Tsuikin technique for Ryukyu lacquerware unveiled
Dozens of Ryukyu lacquer ware items produced in an ancient Tsuikin style are being unveiled to the public tomorrow at a month-long Tsuikin Exhibition at the Urasoe City Museum.
“Tsuikin” is one of the decoration techniques in Ryukyu lacquerware. It is already introduced to Ming’s technical document written at the beginning of the 17th century, and had spread to items taken from the Ryukyu Kingdom to Ming in the former stage. Furthermore, it is known that an analogous art exists also in the Kingdom of Thailand.
The tsuikin method of appliqué is unique to Okinawa but was inspired by the Chinese lacquer technique called tsuishu in Japanese. Lacquer is mixed with pigments and rolled out into a thin sheet. The sheet is then cut with a small knife and the decoration is applied to the main lacquer ware piece. Because it is solidly made and can be produced in large quantities, tsuikin is currently the most popular technique in Okinawan lacquerware.
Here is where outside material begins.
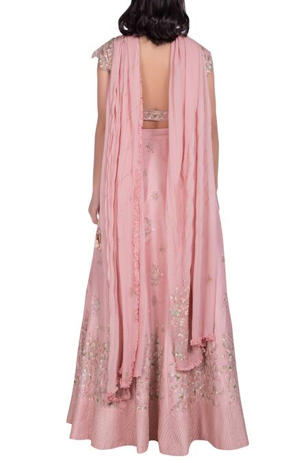 Pink Off Shoulder Embroidered Blouse With Lehenga And Dupatta
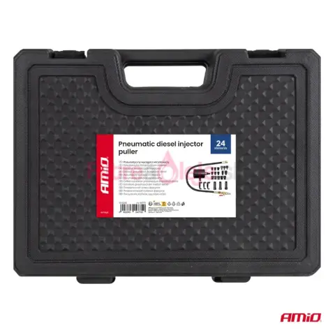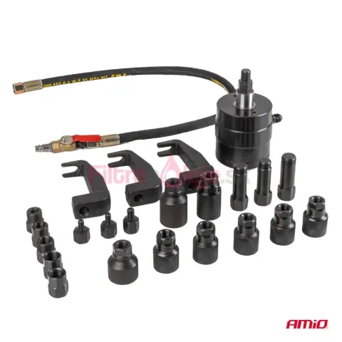 AMIO pneumatický sťahovák vstrekovačov (24 prvkov) je profesionálny set určený na demontáž zadretých/zapečených dieselových vstrekovačov. Využíva pneumatický vysokofrekvenčný úder, ktorý prenáša energiu priamo na vstrekovač, čím výrazne znižuje potrebu fyzickej sily a zároveň pomáha minimalizovať riziko poškodenia hlavy motora pri náročných zásahoch.

At this exhibition, the noted articles of “Tsuikin” both of inside and outside of Okinawa will be brought together in a hall, and will be exhibited. Spectators will get to know the work and the beauty of “Tsuikin”, and this show becomes a cause, which renews recognition to the technique of the tradition of Okinawa. The history of Tsuikin, as well as similar techniques from China and southeast Asia will also be presented.
The Tsuikin Exhibition opens at 9:30 a.m. Friday and runs through Sunday, March 17th. The daily operating hours for the museum exhibition is 9:30 a.m. ~ 5 p.m., except Fridays, when the museum stays open until 7 pm. General admission is ¥600 for adults, ¥500 for college age students, and free to high school and younger visitors.